Task objective >> Find the line with "9月21日,小朋友在2025世界制造业大会智能机器人展区和一款机器人互动。" in the records below. Output exactly from there until after the line with "DiSilvio's article and", without pictures.

Data provided >>
-------------------------

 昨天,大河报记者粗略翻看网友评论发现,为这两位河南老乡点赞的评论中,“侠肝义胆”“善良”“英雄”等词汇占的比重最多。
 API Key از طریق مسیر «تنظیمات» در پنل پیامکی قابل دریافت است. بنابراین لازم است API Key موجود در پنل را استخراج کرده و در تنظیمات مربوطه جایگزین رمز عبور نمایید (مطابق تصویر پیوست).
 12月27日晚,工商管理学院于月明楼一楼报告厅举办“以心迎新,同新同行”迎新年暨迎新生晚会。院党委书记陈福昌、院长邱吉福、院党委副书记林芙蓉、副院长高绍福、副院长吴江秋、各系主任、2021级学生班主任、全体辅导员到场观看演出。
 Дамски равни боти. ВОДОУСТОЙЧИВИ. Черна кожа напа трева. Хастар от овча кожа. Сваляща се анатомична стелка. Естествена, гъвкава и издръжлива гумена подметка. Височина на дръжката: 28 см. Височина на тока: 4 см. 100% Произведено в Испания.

-------------------------

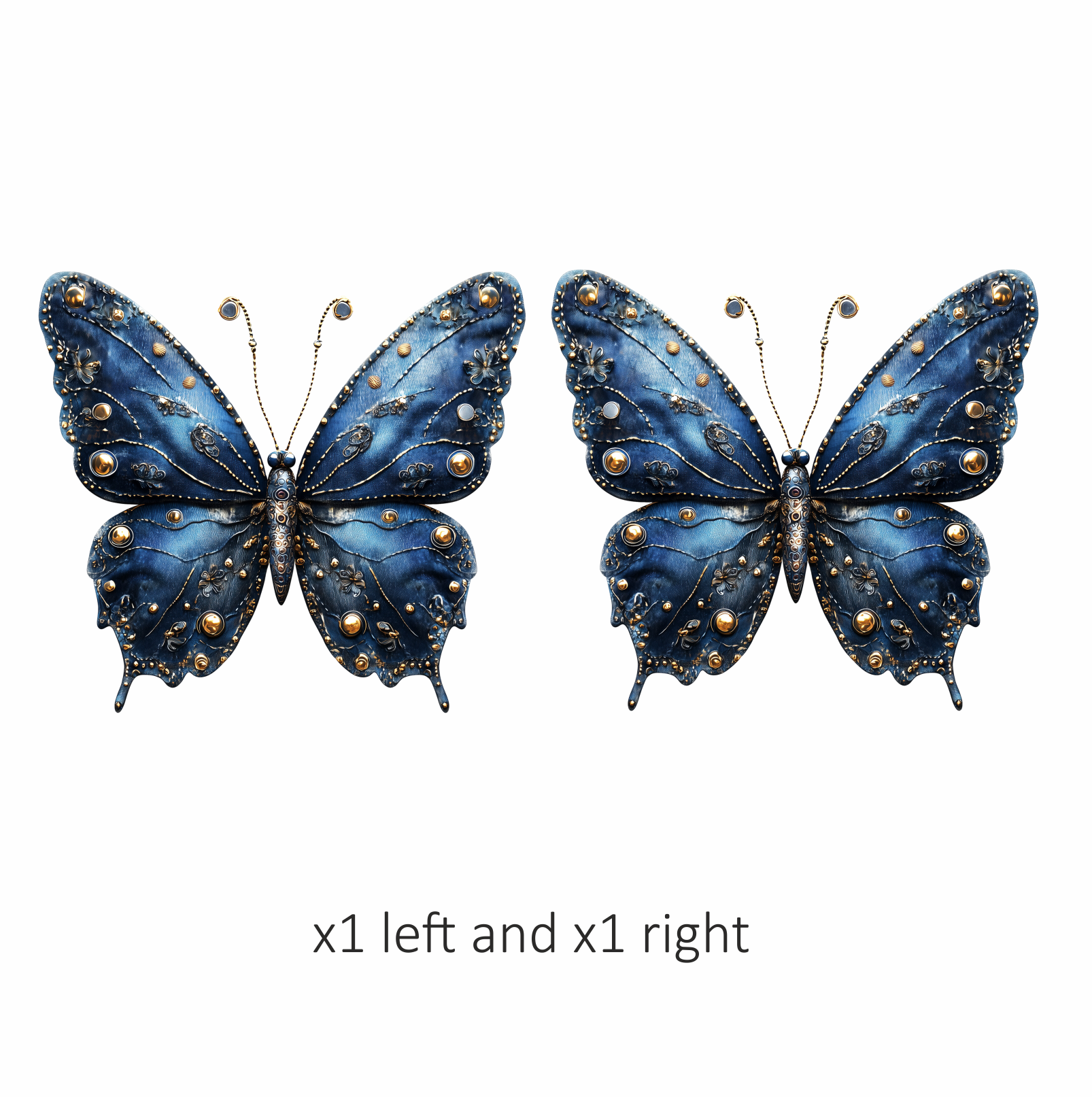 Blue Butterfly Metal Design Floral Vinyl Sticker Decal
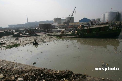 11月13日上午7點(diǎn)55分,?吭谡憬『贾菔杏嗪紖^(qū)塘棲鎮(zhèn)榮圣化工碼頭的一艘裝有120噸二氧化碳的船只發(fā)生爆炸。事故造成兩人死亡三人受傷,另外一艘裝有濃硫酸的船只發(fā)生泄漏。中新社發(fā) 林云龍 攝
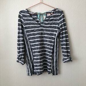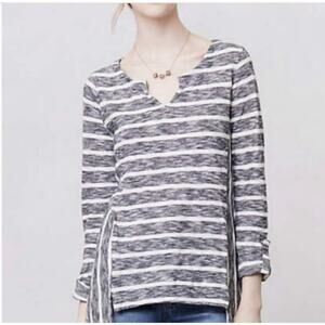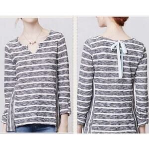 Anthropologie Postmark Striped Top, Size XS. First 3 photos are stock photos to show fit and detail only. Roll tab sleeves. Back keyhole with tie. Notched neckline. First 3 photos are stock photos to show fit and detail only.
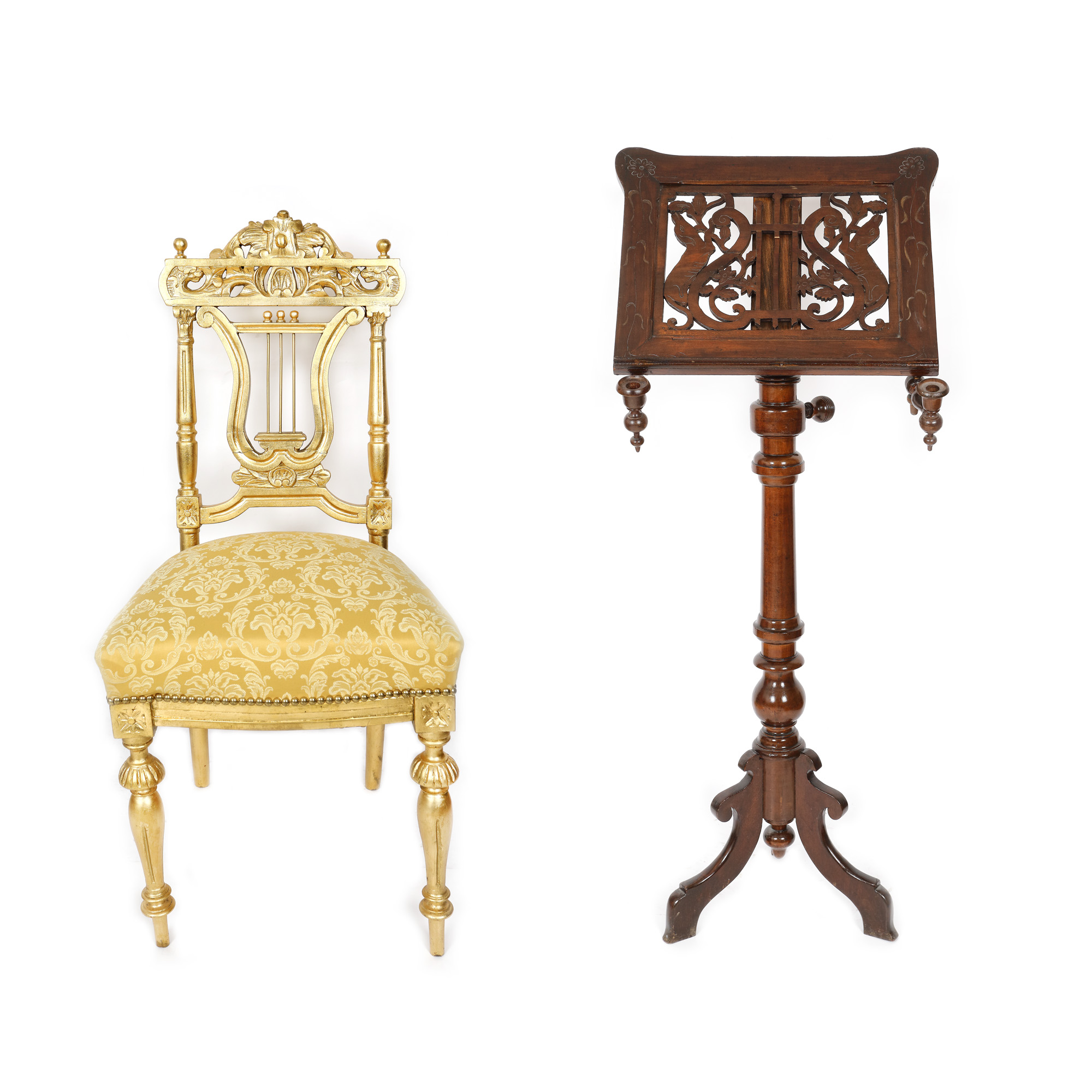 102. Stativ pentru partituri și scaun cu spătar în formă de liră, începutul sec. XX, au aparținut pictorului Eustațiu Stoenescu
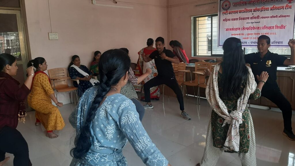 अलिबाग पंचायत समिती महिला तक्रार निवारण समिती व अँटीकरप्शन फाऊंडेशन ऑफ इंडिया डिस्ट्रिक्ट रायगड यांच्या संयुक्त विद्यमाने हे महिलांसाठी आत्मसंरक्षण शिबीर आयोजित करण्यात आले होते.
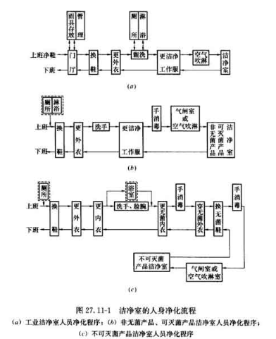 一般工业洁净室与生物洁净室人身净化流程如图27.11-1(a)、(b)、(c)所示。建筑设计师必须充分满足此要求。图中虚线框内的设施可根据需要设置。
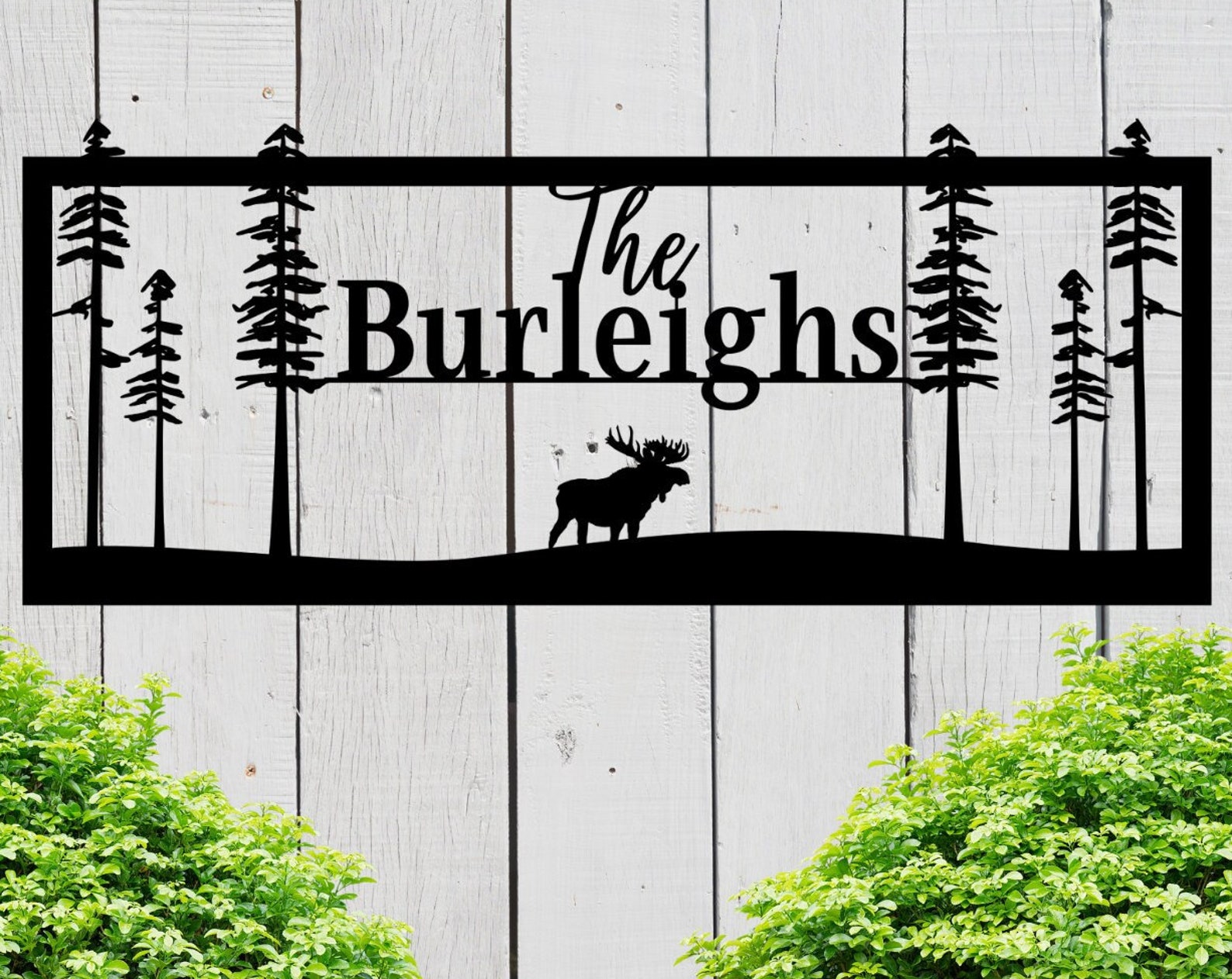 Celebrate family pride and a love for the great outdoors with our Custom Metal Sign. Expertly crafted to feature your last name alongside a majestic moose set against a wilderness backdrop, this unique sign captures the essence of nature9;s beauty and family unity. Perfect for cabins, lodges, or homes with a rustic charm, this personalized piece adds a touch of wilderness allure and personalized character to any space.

-------------------------

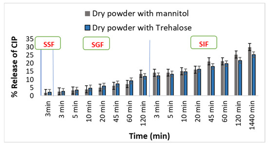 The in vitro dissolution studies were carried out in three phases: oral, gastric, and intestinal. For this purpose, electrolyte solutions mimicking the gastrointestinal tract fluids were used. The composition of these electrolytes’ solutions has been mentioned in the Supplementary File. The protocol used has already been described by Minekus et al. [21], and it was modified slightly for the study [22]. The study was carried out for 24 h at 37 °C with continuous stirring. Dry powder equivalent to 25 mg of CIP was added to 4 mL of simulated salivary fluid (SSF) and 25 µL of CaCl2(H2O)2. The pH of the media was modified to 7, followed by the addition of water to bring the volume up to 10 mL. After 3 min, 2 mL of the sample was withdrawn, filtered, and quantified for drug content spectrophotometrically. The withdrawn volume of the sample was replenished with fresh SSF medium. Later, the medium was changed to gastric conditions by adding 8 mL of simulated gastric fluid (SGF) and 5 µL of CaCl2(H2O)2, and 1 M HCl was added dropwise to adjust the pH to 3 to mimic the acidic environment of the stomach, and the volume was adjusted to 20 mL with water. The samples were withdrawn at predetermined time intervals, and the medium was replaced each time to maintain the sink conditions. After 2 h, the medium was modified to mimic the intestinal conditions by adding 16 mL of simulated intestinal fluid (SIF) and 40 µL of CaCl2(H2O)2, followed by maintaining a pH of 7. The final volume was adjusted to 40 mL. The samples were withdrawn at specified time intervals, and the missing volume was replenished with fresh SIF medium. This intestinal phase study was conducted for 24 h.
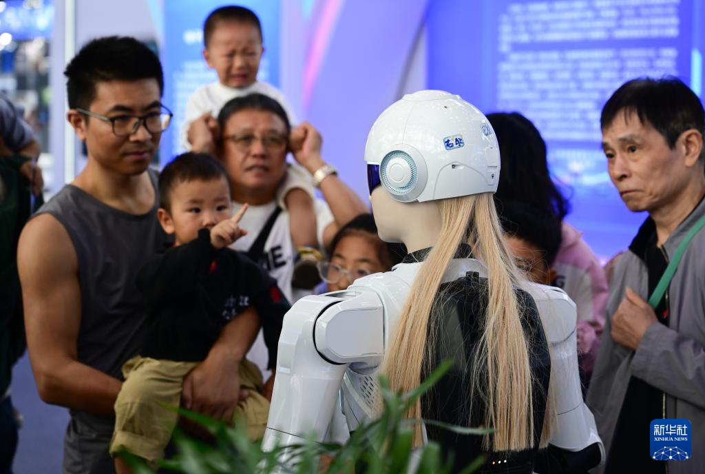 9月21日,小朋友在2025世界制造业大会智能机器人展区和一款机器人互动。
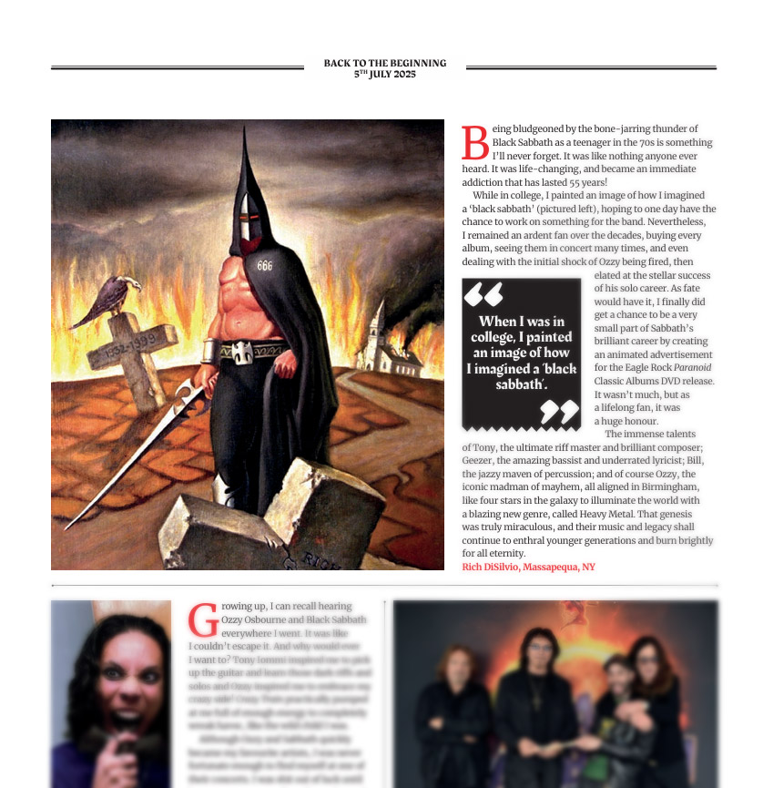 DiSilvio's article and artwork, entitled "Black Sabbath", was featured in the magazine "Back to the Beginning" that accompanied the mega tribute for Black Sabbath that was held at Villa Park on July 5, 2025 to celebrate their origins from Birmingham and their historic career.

-------------------------

Written response >>
 9月21日,小朋友在2025世界制造业大会智能机器人展区和一款机器人互动。
 DiSilvio's article and artwork, entitled "Black Sabbath", was featured in the magazine "Back to the Beginning" that accompanied the mega tribute for Black Sabbath that was held at Villa Park on July 5, 2025 to celebrate their origins from Birmingham and their historic career.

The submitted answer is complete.